Examples of the organic binder that can be used in the present invention include acrylic based polyvinyl alcohol, cationic starch, and mixtures thereof. The organic binder serves to improve the bonding force between the fiber and the fiber and the fiber and the silica sol in the papermaking process. do. The amount of the organic binder may be 5 to 40% by weight based on the silica sol used. When the amount of the organic binder is less than 5% by weight, a large amount of silica sol is lost during the papermaking process because the bonding strength between the ceramic fiber and the silica sol is weakened. There is a concern that the connection between the fiber and the fiber is weak, there is a problem that it is difficult to maintain the structure of the paper. On the other hand, when the usage-amount of the said organic binder exceeds 40 weight%, the fluidity | liquidity of ceramic green paper becomes unnecessarily large and adhesiveness appears, and workability | operativity falls.

The ceramic green paper is manufactured according to a conventional papermaking method using the slurry solution for preparing the ceramic paper prepared above, wherein the excess water is smoothly removed using a vacuum pump connected to the papermaking machine, Excess water can be removed.

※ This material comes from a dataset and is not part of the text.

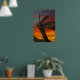 Künstlerisches Stück des Sonnenuntergangs im Hintergrund, Holz in der Vorderseite, das einem Drachen ähnelt.

The first step of drying the ceramic green paper thus prepared is through natural drying or a dryer, and the content of water in the ceramic green paper after the first drying is 40 to 160% by weight relative to the ceramic green paper upon complete drying. Can be. When the moisture is less than 40% by weight, the flexibility of the ceramic green patter is low, so there is a risk of structural breakdown in the waveform step. When the moisture content is more than 160% by weight, the flowability of the ceramic green patter is too high. There is a problem that waveforms cannot be properly formed due to the highness.

As such, the ceramic green paper is first dried to control moisture, and then the ceramic green paper is put into a wave forming device. The corrugating apparatus is not particularly limited as long as it is conventionally used in the art. For example, the drum of the corrugating apparatus has a length of 2 mm and a 3 mm valley and a pitch, respectively, and is manufactured such that the surface temperature and the feeding speed of the paper are adjustable. Can be used.

The ceramic green paper is corrugated and then completely dried through a secondary drying step. In the present invention, the degree of waveform is measured as a percentage ratio compared to before the waveform by measuring the degree of reduction of the length of the corrugated ceramic paper, and in step (d) the waveform after the ceramic green paper is completely dried It is preferable that the change in length is more than 10%. As the rate of change is larger, the degree of waveforming is increased.

In addition, the heat treatment temperature of the step (e) is preferably 800 ~ 1200 ℃, which is a temperature range in which the silica sol can serve as an inorganic binder, while belonging to the general temperature of the alumina-silica fiber to be used. If the temperature is less than 800 ℃, the strength of the inorganic binder becomes weak because the firing temperature is low, and the inorganic binder does not work properly.When the temperature is above 1200 ℃, the fiber is severely deformed and the original shape cannot be maintained. There exists a possibility that the 2nd crystal phase which adversely affects heat resistance may precipitate from a component.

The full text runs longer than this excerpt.